Microsoft Agent Framework made a smart design choice that was exposed in our Chapter 7 implementation: the orchestrator-as-agent pattern means routing decisions are just agent text, visible and debuggable without special event types. For plan-based mode, it mirrors AutoGen closely with MagenticBuilder and StandardMagenticManager. For parallelism, it's the same asyncio.gather() as AutoGen, plus the session management overhead of create_session() per agent. Pick Agent Framework when you want enterprise-grade control and the orchestrator-as-agent abstraction appeals to you, especially if you're already in the Microsoft ecosystem.
These chapters are where the LangGraph graph/DAG complexity investment finally pays dividends. Structured output for agent selection with typed confidence scores. Native parallelism via graph edges. Explicit plan-evaluate-retry loops with full step visibility. The code is 3-5x longer, but every decision point is visible, typed, and testable. The graph decomposition problem is real (you'll occasionally need to break a graph apart to inject imperative logic) but that's a solvable design pattern, not a fundamental limitation. Pick LangGraph when you're building production orchestration that needs to be audited, debugged, or extended by people who didn't write the original code.
The series arc: Parts 1-2 showed AutoGen winning on simplicity for simple patterns.
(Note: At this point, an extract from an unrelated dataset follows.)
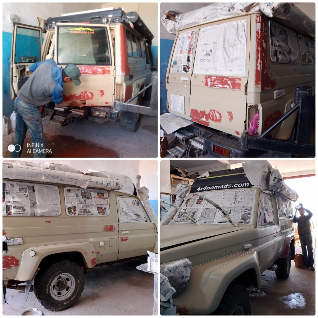 Na deze zomer gaan we onze Dinky Toy verkopen en verruilen voor een Toyota pick-up met een cabine erop. We zijn dol op onze betrouwbare Dinky Toy, maar een Toyota met cabine geeft ons nèt iets meer voordelen en comfort: iets meer ruimte, beter bestand tegen lage temperaturen, een douche in de auto en daardoor kunnen we in de toekomst reizen maken naar koudere oorden. De Toy is prima in orde en Jeroen wil hem nog laten overspuiten, zodat de nieuwe kopers eigenaren worden van een tiptop Toyota. Door al het gereis is er schade door steenslag ontstaan op de lak en is de Toy aan een spuitbeurt toe. De eigenaar van de camping heeft een vriend die spuiter is en vakkundig werk aflevert. Hij belt naar hem die zegt dat we morgenochtend langs kunnen komen. Op zondag? Ja hoor, geen probleem. We rijden met de eigenaar naar zijn vriend om te informeren of hij de auto kan spuiten, hoe lang het gaat duren en wat het gaat kosten. Al gauw doet Jeroen zaken met hem. Hij gaat alle roestplekken behandelen, deukjes wegwerken, de hele auto spuiten in de originele kleur en ook de achterbumper en reservetank zwart spuiten. En dat in 5 werkdagen voor € 600,-. Woensdag kan hij beginnen en zondag is het klaar, inshallah. De komende 3 nachten slapen we in onze Toy en daarna nemen we een kamer bij de camping/auberge. Goed geregeld!

Part 3 shows LangGraph winning on capability for complex patterns. Agent Framework sits in the middle: never the simplest, never the most powerful, but consistently competent. The right choice depends on where your use case falls on the complexity spectrum.
The code for all implementations stil lives at: dmas on GitHub.
What Comes Next
Alongside these chapters, I built a NiceGUI visualization dashboards that let you watch orchestration patterns play out interactively: agents arguing in real-time, fan-out parallelism as a live DAG, stepping through checkpoint/resume flows. They are really useful for understanding what happens under the hood, but there are frontend and JavaScript/Typescript concerns that don't fit cleanly into agentic design patterns. We'll spend some time getting into the weeds there.
Overall, the thesis from Part 1 still holds. You don't understand frameworks by reading their docs. You understand them by building the same thing in multiple frameworks and working through each of the design decisions. Keep hacking!